There's a lot of activity in the blogosphere about new FTC rules for disclosure, which take effect December 1. Although the rules are targeted at larger fish than the micro editions that appear in my posts, I believe full disclosure is generally a good idea. So here's mine.

Through my activity as a reviewer for furthernoise.org, I occasionally get unsolicited promotional materials, usually CDs but occasionally vinyl (which, for the record, I can't play) or downloads. Presumably record labels send out more review CDs than they get reviews, because I get more CDs than I can review for furthernoise.org's publication every two months; the remainder are reviewed here as time permits.
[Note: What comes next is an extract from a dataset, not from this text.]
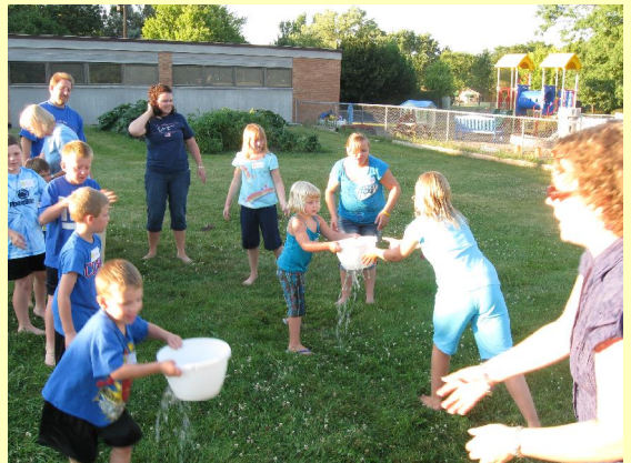
Previous Vacation Bible School Activities

Sometimes artists contact me via email, either from furthernoise.org, mailing lists where I hang out, or through this blog (I'm never sure which) and ask whether I would be interested in reviewing their material; sometimes but not always I accept. Most often I write about albums that I purchase with my own funds, the stated goal of this blog from its alpha post. In the future I will add the label "promo" to posts indicating that I received the music for promotional consideration, and as time permits I'll add the same label to past reviews. Note that all of the reviews I've published in furthernoise.org were promotional CDs or downloads.

I have never received a promotional copy of a book, although my Bruford article a while back prompted an offer from another rock biography publisher (which I declined). I'd like to say that I've bought every book I've reviewed here, but most of the academic ones are very expensive, fortunately available at the University of Arizona's music library.